As I lay in the dark, thoughts of Kennedy wiggled in my brain. She surely had Rolo by now.

And by now, she might hate me. What kind of person abandoned their dog? And what kind of person didn't have the decency to show their face while doing it?

But my history with her whispered, telling me there was no way she wouldn't think something was off. She was smarter than that. Our friendship murmured in my ear, suggesting maybe she wouldn't hate me, maybe she'd be worried about me instead. She was well-aware that Rolo was everything to me. I really hoped she knew I wouldn't just drop Rolo like that, like he was just some obstacle to my career.

Yet the insecure part of me still clashed with those quiet voices of reason. It asked how she could think any different when she'd been told otherwise; she'd been told a cover story by Simon posing as an intern. Kennedy had heard me promise many times before to do whatever it'd take to achieve my goal.

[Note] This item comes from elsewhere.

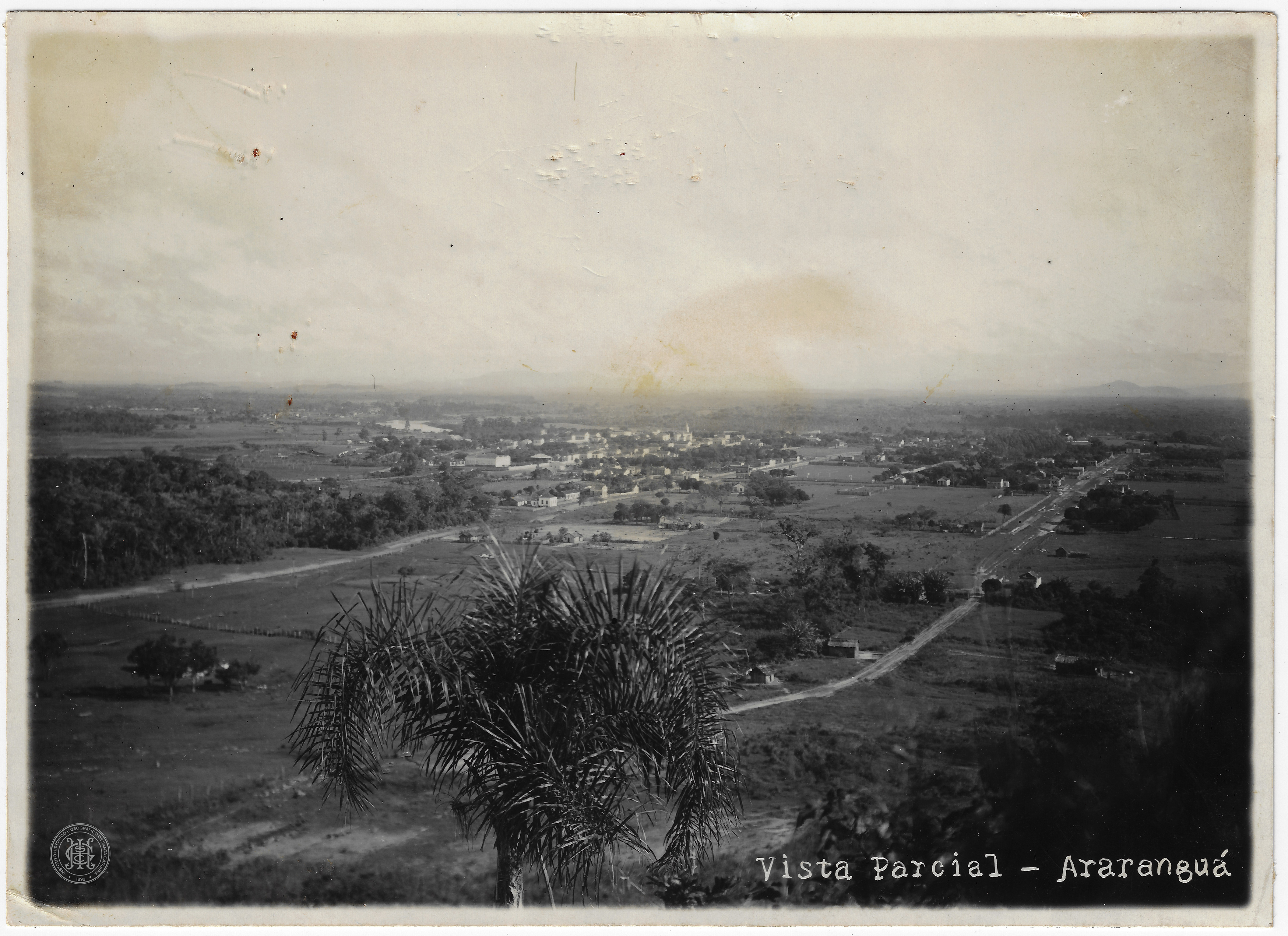 Ao fundo, observa-se o núcleo urbano consolidado da cidade, caracterizado por edificações predominantemente claras, entre as quais se destaca a torre de uma igreja. Um curso d'água, possivelmente o Rio Araranguá, é visível à esquerda, contornando a mancha urbana antes de se perder na linha do horizonte, marcada por morros suaves sob um céu nublado. No canto inferior direito, consta a legenda impressa: "Vista Parcial – Araranguá".

I also thought of Oliver. He barely understood what I did, not for lack of trying. His mind just didn't welcome discussions of politics, law, and government like mine. His mind welcomed discussions of his restaurant, football, and Kennedy. He would politely ask questions and try to follow along, but he wasn't interested in any of it. He wouldn't understand why Simon was dropping off Rolo any more than Kennedy would accept it. But if worst came to worst, I believed they'd take care of Rolo for as long as he needed. He'd be another addition to their perfect life.

Kennedy and Oliver were living a perfect life. So why couldn't I? Was this karma or some twisted butterfly effect? Had I sneezed in seventh grade and ruined my life? Where had I gone wrong that they hadn't?

I was old enough to admit nothing was ever really perfect. There was no such thing — but damn, if they weren't a lot closer to it than I was.

They loved each other, they loved their lives, they loved the path they were on. They had a future even if their career fell out from under them. Their future was each other, their wedding, and the kids I was sure would pop out in the next couple years. And if Kennedy didn't see me as a horrible dog-abandoner by the time this was over, I would be Aunt Avery. The lonely aunt that maybe drank a little too much wine, had a few too many pets, and spent a little too much time alone. Maybe that was all I'd ever be. Was I okay with that? Was I okay not having a future of my own if my career fell out from under me?

My mind drifted. Thoughts of Reed scraped and lodged across my neurons. Cells lit up like Christmas trees as I thought about the draw I had to him. It was a troublesome draw that chafed my clarity and my purpose. I barely had any scraps of self to rub together anymore — but sometimes that was different when I thought of him. Thoughts of him ignited, and I collected the scraps of self like flowers. I built a bouquet of what was left to offer, like it could be presented to him in foolish hope, attempting to have something I didn't think I'd ever find.

I'm so angry at him. Doesn't that change anything?

Was it supposed to? But what was there to change? I was still incredibly frustrated by him. I was still incredibly intrigued by him. Both were as consistent as they'd been the first time we'd met. I was hurt he'd accused me; it was painful and I was furious, but I still couldn't shake him. That was almost more frustrating than anything else.

The motel bed was terribly uncomfortable. My knee hurt. Everything hurt. But my mind wasn't focused on that, I was focused on something else. Because for once, I was ready to let myself dream of something other than my career.